PROBLEM:
Reproduce only this stretch of the listing below: from the line with "After the by" through the line with "Kod producenta: 10250263", exactly as written, with pictures excluded.

LISTED RECORDS:
%%
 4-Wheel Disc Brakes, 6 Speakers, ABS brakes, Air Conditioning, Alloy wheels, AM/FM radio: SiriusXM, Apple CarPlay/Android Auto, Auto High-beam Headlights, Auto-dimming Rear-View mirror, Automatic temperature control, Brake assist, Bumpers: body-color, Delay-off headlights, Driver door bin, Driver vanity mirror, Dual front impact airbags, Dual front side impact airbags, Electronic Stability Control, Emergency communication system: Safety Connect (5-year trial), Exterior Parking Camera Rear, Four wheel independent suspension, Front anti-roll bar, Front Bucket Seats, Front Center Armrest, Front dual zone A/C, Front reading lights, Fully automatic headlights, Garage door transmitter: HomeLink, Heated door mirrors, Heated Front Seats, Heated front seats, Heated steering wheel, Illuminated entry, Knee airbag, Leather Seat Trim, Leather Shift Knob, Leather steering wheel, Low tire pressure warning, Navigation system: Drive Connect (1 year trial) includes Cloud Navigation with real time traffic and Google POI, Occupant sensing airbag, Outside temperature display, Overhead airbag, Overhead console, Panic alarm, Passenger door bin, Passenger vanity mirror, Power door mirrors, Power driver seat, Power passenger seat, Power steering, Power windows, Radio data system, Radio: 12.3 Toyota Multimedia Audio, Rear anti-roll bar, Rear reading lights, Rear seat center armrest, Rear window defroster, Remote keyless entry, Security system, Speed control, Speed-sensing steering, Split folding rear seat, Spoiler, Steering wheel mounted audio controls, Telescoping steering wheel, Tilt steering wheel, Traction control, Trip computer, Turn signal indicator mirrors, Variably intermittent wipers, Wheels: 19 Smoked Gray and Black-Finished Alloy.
%%
%%
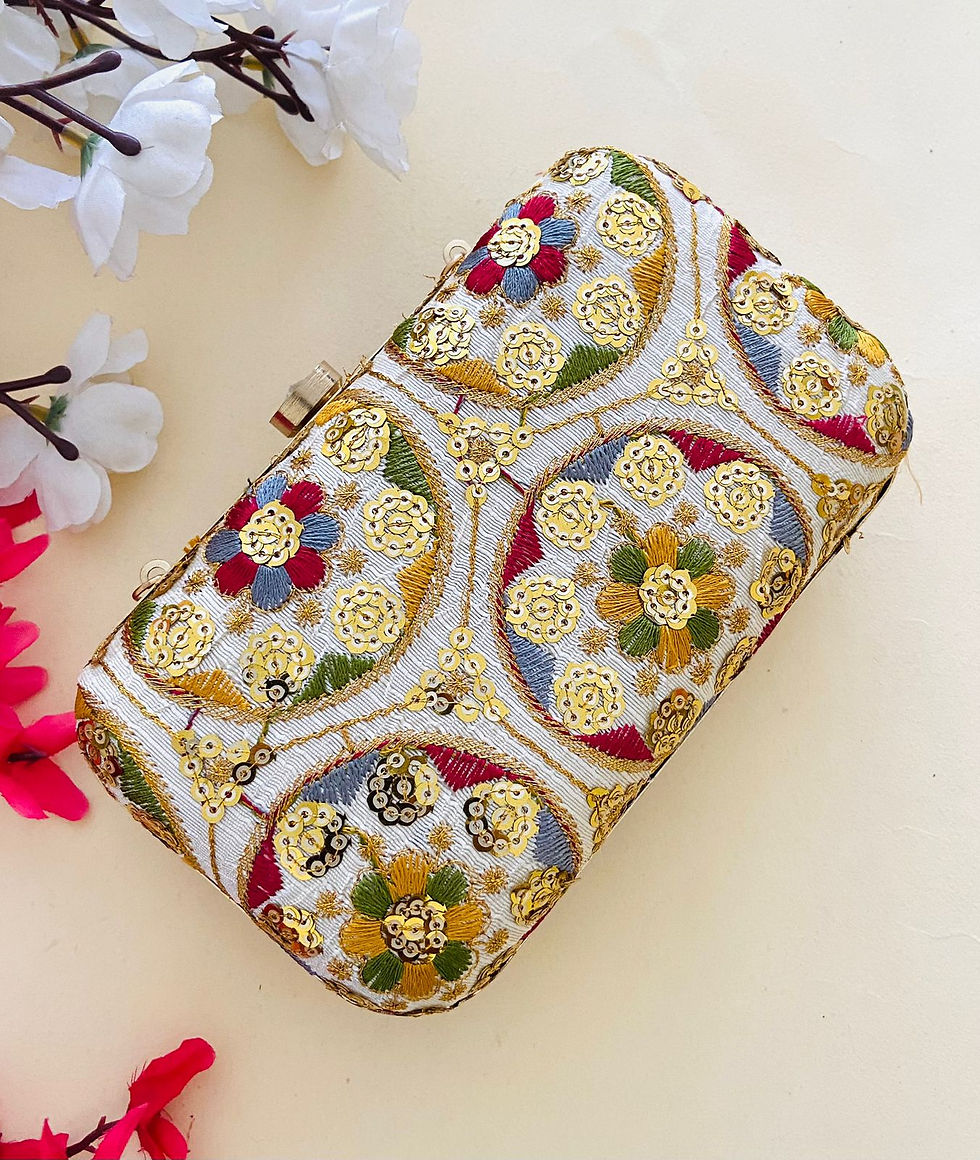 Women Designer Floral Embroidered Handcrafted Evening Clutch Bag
%%
%%
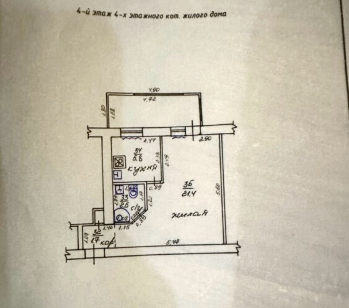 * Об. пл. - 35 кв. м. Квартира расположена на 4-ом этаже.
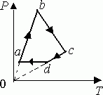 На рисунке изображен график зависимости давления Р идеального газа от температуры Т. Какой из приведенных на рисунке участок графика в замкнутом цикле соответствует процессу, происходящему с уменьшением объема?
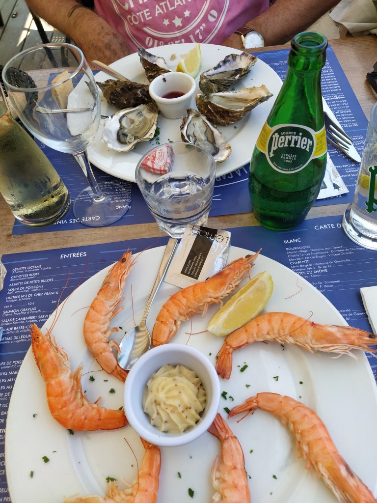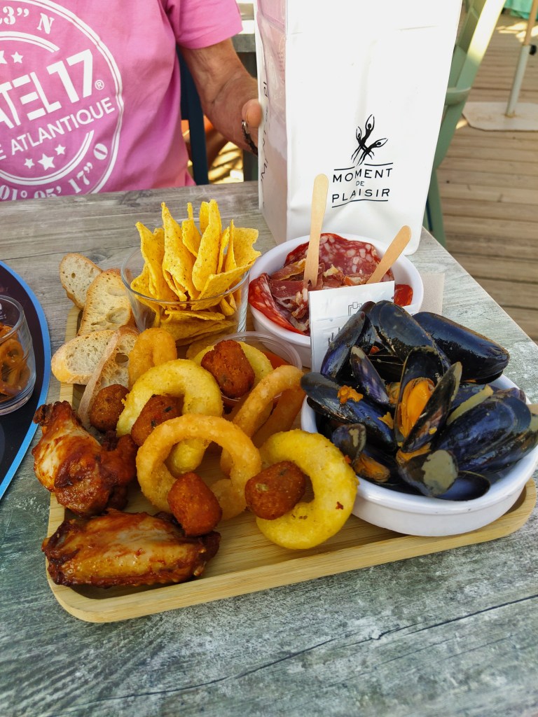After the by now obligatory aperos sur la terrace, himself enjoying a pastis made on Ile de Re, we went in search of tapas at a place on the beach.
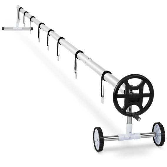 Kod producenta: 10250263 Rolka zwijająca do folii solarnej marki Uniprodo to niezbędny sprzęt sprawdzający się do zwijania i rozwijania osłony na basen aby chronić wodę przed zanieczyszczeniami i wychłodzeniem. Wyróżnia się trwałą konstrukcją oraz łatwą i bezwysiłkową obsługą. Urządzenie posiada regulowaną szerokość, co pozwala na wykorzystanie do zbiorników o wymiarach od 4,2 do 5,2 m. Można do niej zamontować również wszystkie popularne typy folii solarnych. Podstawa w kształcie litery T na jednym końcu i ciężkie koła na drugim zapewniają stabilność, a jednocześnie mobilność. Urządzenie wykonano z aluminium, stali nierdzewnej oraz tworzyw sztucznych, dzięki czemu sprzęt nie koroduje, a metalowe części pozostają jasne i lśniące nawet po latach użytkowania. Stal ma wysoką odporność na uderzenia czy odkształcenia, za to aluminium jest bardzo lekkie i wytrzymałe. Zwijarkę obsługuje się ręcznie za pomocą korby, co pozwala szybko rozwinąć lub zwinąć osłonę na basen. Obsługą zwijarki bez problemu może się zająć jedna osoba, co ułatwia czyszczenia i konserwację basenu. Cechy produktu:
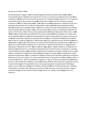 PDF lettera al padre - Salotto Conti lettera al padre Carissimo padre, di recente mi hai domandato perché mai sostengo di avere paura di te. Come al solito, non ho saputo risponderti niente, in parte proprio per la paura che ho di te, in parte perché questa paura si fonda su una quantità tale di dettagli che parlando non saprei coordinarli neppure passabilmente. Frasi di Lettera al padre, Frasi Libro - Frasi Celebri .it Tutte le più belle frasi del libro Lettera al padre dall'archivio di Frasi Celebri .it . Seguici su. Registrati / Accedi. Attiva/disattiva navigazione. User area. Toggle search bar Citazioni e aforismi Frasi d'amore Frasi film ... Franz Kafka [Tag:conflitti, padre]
%%
OUTPUT:
After the by now obligatory aperos sur la terrace, himself enjoying a pastis made on Ile de Re, we went in search of tapas at a place on the beach.
 Kod producenta: 10250263 Rolka zwijająca do folii solarnej marki Uniprodo to niezbędny sprzęt sprawdzający się do zwijania i rozwijania osłony na basen aby chronić wodę przed zanieczyszczeniami i wychłodzeniem. Wyróżnia się trwałą konstrukcją oraz łatwą i bezwysiłkową obsługą. Urządzenie posiada regulowaną szerokość, co pozwala na wykorzystanie do zbiorników o wymiarach od 4,2 do 5,2 m. Można do niej zamontować również wszystkie popularne typy folii solarnych. Podstawa w kształcie litery T na jednym końcu i ciężkie koła na drugim zapewniają stabilność, a jednocześnie mobilność. Urządzenie wykonano z aluminium, stali nierdzewnej oraz tworzyw sztucznych, dzięki czemu sprzęt nie koroduje, a metalowe części pozostają jasne i lśniące nawet po latach użytkowania. Stal ma wysoką odporność na uderzenia czy odkształcenia, za to aluminium jest bardzo lekkie i wytrzymałe. Zwijarkę obsługuje się ręcznie za pomocą korby, co pozwala szybko rozwinąć lub zwinąć osłonę na basen. Obsługą zwijarki bez problemu może się zająć jedna osoba, co ułatwia czyszczenia i konserwację basenu. Cechy produktu:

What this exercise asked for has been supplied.